Wired AI • 107일 전

인터넷 최고의 아카이브 도구가 위험에 처했다

IMP

8/10

핵심 요약

인터넷 아카이브의 웹 페이지 보존 도구인 웨이백 머신(Wayback Machine)을 뉴욕타임스, USA 투데이 등 주요 언론사와 레딧 등이 AI 데이터 스크래핑 우려로 인해 차단하고 있습니다. 이에 대해 전자프론티어재단(EFF) 등 옹호 단체와 100명 이상의 기자들은 공개 서한을 통해 웨이백 머신이 공공의 이익을 위한 언론 보존과 팩트체크에 필수적이라며 이를 막아서는 안 된다고 반발하고 있습니다.

번역된 본문

이번 달, USA 투데이(USA Today)는 미국 이민세관단속국(ICE)이 억류 정책의 영향에 대한 핵심 정보 공개를 지연시킨 방법을 폭로한 훌륭한 보도를 내놓았다. 이 기사의 작성자들은 인터넷 아카이브(Internet Archive)의 웨이백 머신(Wayback Machine)을 사용해 ICE의 억류 통계를 수집 및 분석하고 트럼프 행정부에서 이 기관이 어떻게 변화했는지 추적했다.
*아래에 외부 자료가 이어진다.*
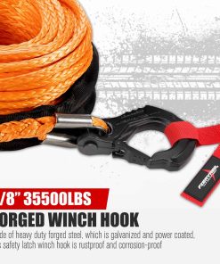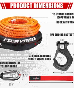 Cable de Winch Sintético FIERYRED 3/8 pulgadas 100FT con una resistencia de 26500lbs, trenzado por 12 hilos de fibra sintética de Ultra Alto Peso Molecular de Polietileno (UHMWPE), recubierto con capa de poliéster. Incluye Gancho de Winch Forjado de 33500lbs, funda protectora deslizante de 5 pies, y es una actualización perfecta para winches de 9,000 lbs a 13000 lbs. Más resistente y seguro que los cables de acero tradicionales, más ligero y apto para la mayoría de los winches como SUV, Jeep, camioneta, ATV, UTV, etc. Compatible con anclaje de 26500lbs.
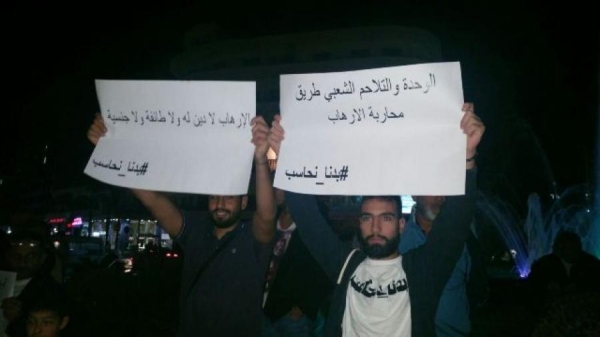 من صيدا، هنا برج البراجنة" نظمت حملة "بدنا نحاسب" في ساحة النجمة وسط مدينة صيدا وقفة حداد على ارواح شهداء تفجيري برج البراجنة في الضاحية الجنوبية لمدينة بيروت وتضامنا مع عوائل الشهداء ورفضا للارهاب التكفيري المجرم.
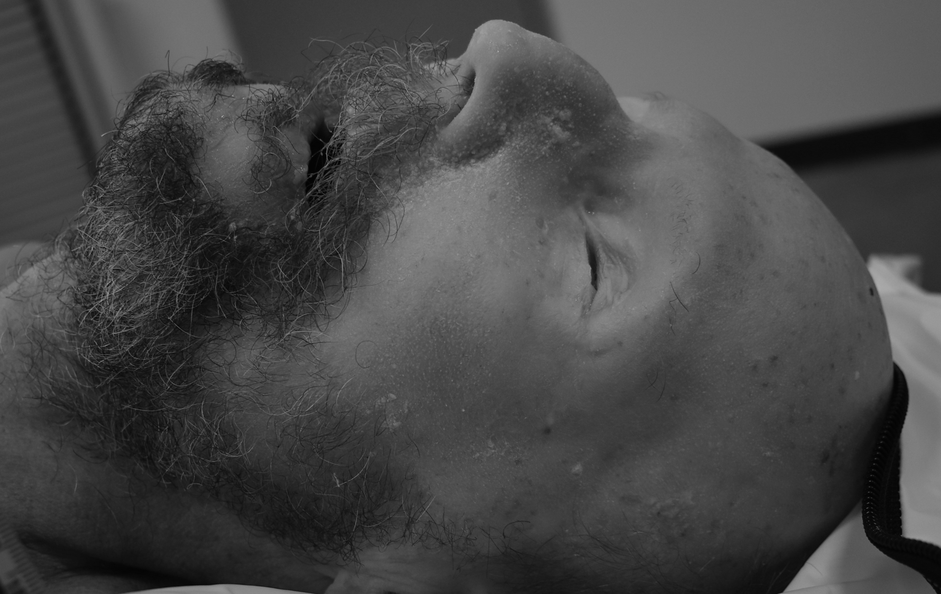 grey, balding in top
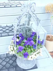 シャビープラントスタンドの寄せ植え ビオラ「エーゲブルー」とアリッサム、真ん中にブルーのコニファーを植えてみました。少し暖かくなり、エーゲブルーの花数が増えてきました。
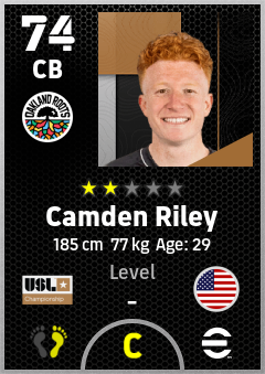 . Camden Riley is a Center Back footballer from United States who plays for Oakland Roots Sc in eFootball 2026.

이 기사는 웹 페이지를 크롤링하고 보존하는 웨이백 머신이 어떻게 공공의 이익을 위해 정보를 보존하는 데 도움을 주었는지 보여주는 수많은 사례 중 하나다. 웨이백 머신의 디렉터인 마크 그레이엄(Mark Graham)은 이 상황이 "약간 아이러니하다"고 말했다. 자사 이름과 같은 신문을 포함해 200개 이상의 추가 미디어 매체를 운영하는 출판 그룹 USA 투데이(옛 이름 Gannett)는 웨이백 머신이 자사의 콘텐츠를 아카이빙하는 것을 금지하고 있다. 그레이엄은 "그들은 웨이백 머신이 존재하기 때문에 기사 연구를 위해 자료를 취합할 수 있었습니다. 동시에 그들은 접근을 차단하고 있습니다"라고 말했다.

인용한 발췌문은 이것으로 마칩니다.